What the task asks: Beneath this instruction is a block of data; output from it exactly the lines that run from the one containing "6. Trick or" through the one containing "楊枝甘露 Mango Pomelo", inclusive.

Provided information:
--*--

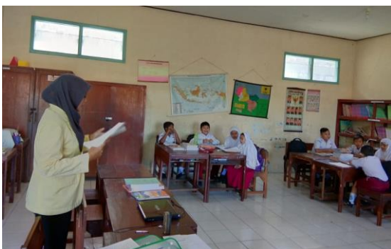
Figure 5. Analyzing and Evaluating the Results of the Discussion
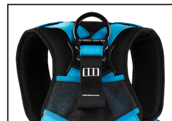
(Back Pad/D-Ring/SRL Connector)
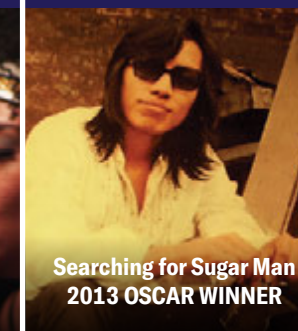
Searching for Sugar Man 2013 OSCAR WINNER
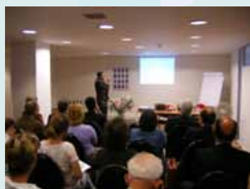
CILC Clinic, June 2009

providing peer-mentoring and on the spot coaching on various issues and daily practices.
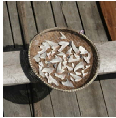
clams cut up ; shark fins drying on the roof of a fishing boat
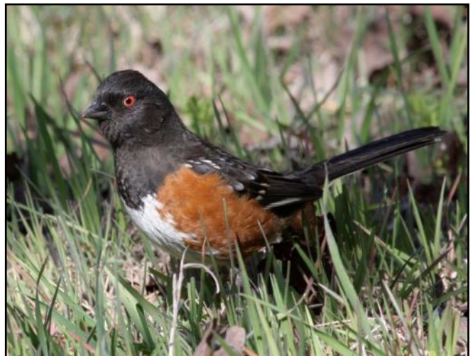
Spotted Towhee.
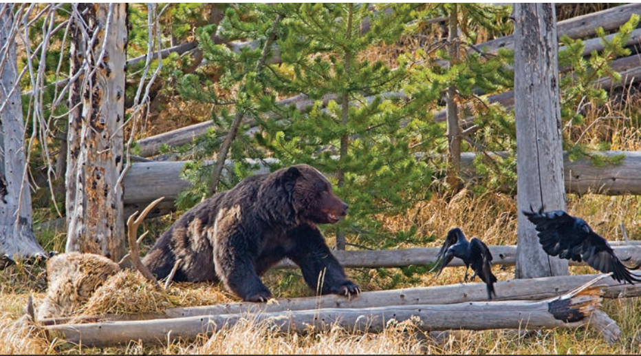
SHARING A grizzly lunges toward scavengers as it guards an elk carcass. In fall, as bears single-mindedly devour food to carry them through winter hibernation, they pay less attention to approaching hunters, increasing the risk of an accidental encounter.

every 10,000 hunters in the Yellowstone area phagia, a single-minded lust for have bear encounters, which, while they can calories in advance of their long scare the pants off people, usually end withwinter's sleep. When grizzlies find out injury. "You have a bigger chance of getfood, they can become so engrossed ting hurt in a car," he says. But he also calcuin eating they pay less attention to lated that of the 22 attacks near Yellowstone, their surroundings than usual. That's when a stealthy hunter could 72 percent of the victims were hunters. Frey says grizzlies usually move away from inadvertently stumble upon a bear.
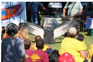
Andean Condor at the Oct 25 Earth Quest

--*--

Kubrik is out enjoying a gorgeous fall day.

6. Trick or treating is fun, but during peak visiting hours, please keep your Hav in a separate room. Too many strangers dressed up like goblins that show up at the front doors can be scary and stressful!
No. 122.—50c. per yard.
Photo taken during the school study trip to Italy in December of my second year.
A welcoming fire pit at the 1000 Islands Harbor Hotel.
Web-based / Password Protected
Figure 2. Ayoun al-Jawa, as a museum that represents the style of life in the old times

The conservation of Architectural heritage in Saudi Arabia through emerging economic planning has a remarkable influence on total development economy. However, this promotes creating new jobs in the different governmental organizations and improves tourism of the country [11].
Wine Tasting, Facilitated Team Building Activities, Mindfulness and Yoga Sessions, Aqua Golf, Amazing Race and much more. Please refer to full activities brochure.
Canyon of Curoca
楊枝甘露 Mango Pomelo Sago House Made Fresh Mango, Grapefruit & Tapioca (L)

--*--

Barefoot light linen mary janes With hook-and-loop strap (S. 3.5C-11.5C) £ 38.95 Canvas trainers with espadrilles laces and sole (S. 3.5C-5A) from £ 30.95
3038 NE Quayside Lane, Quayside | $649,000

--*--

Task result:
6. Trick or treating is fun, but during peak visiting hours, please keep your Hav in a separate room. Too many strangers dressed up like goblins that show up at the front doors can be scary and stressful!
No. 122.—50c. per yard.
Photo taken during the school study trip to Italy in December of my second year.
A welcoming fire pit at the 1000 Islands Harbor Hotel.
Web-based / Password Protected
Figure 2. Ayoun al-Jawa, as a museum that represents the style of life in the old times

The conservation of Architectural heritage in Saudi Arabia through emerging economic planning has a remarkable influence on total development economy. However, this promotes creating new jobs in the different governmental organizations and improves tourism of the country [11].
Wine Tasting, Facilitated Team Building Activities, Mindfulness and Yoga Sessions, Aqua Golf, Amazing Race and much more. Please refer to full activities brochure.
Canyon of Curoca
楊枝甘露 Mango Pomelo Sago House Made Fresh Mango, Grapefruit & Tapioca (L)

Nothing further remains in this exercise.